English Language Assessment Practices in Batam Secondary Schools: Teachers’ Strategies, Constraints, and Pedagogical Negotiations
DOI:
https://doi.org/10.22437/ijolte.v10i1.55266Keywords:
English language assessment, ormative assessment, summative assessment, Batam, EFLAbstract
This study examines English language assessment practices in Batam secondary schools by focusing on how teachers balance pedagogical goals, institutional requirements, and classroom constraints. The study employed a qualitative descriptive design using interview interview records from English teachers representing several school contexts in Batam, including junior high school, senior high school, vocational school, and independent school settings. The data were analyzed thematically across recurrent domains such as oral and written assessment, formative and diagnostic assessment, feedback practices, project and quiz use, summative examination structure, grading systems, assessment media, and classroom challenges. The findings indicate that teachers generally value balanced, authentic, and student-centered assessment, yet written assessment remains more dominant because it is more practical in large classes and easier to align with formal school reporting.

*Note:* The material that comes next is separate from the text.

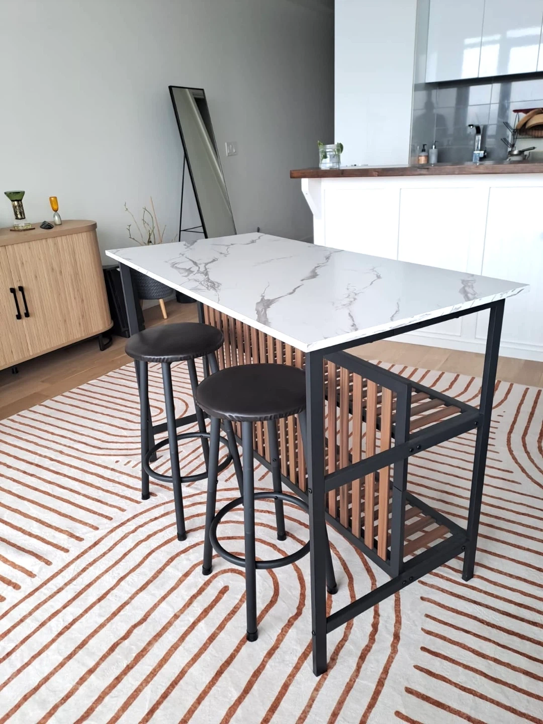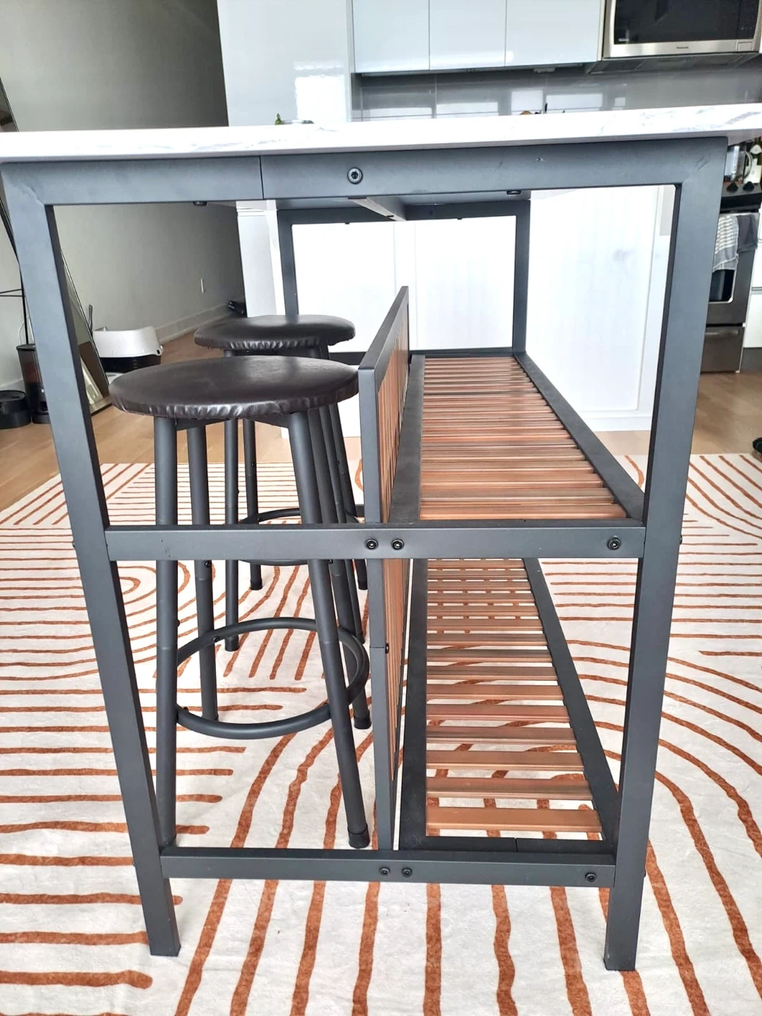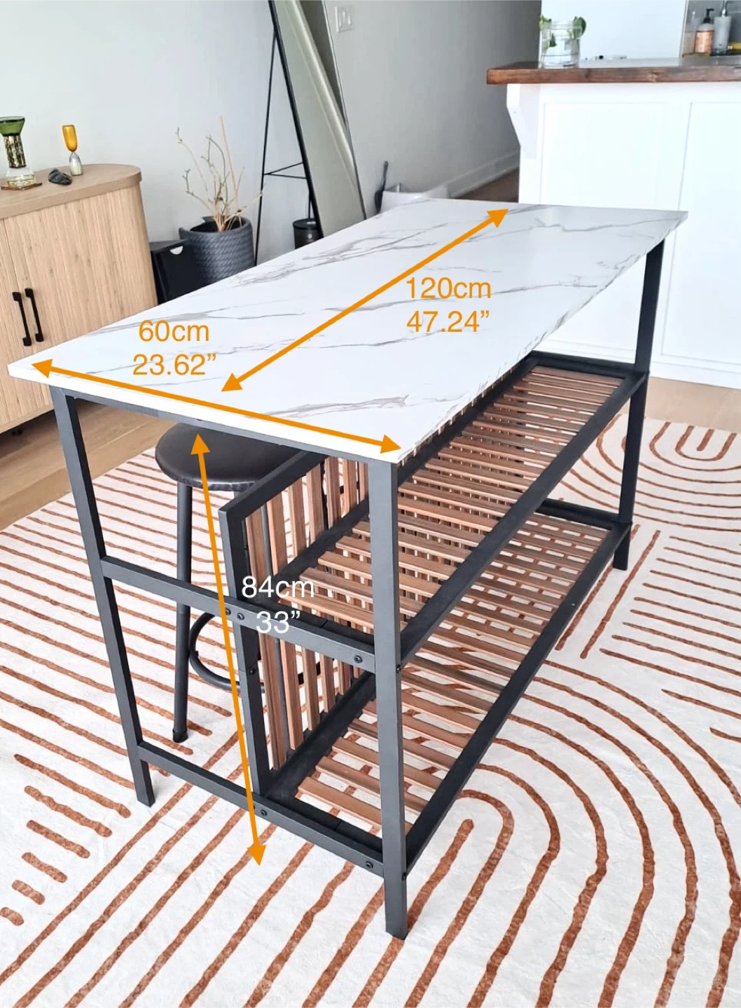 Marble-look countertop and two slatted shelves for storage. Two black stools are included. This setup is perfect for smaller kitchens or apartments needing extra counter and seating space! Very light tables, can be moved according to your needs.

Oral assessment is still considered indispensable because it reveals confidence, fluency, pronunciation, and spontaneous language use that written work often cannot capture. The study also shows that formative assessment is commonly implemented through quizzes, games, classroom interaction, worksheets, projects, and short performance tasks, while summative assessment tends to prioritize reading, grammar, vocabulary, and writing. Digital tools such as Google Forms, Quizizz, Wordwall, ZEPP, Exambro, and school-based systems are used selectively, but teachers continue to rely on paper-based records and direct classroom observation to ensure fairness and authenticity. The paper argues that assessment in Batam secondary schools reflects an ongoing negotiation between authenticity and manageability, and that future improvement should strengthen performance-based assessment, clearer rubrics, and practical institutional support for teachers.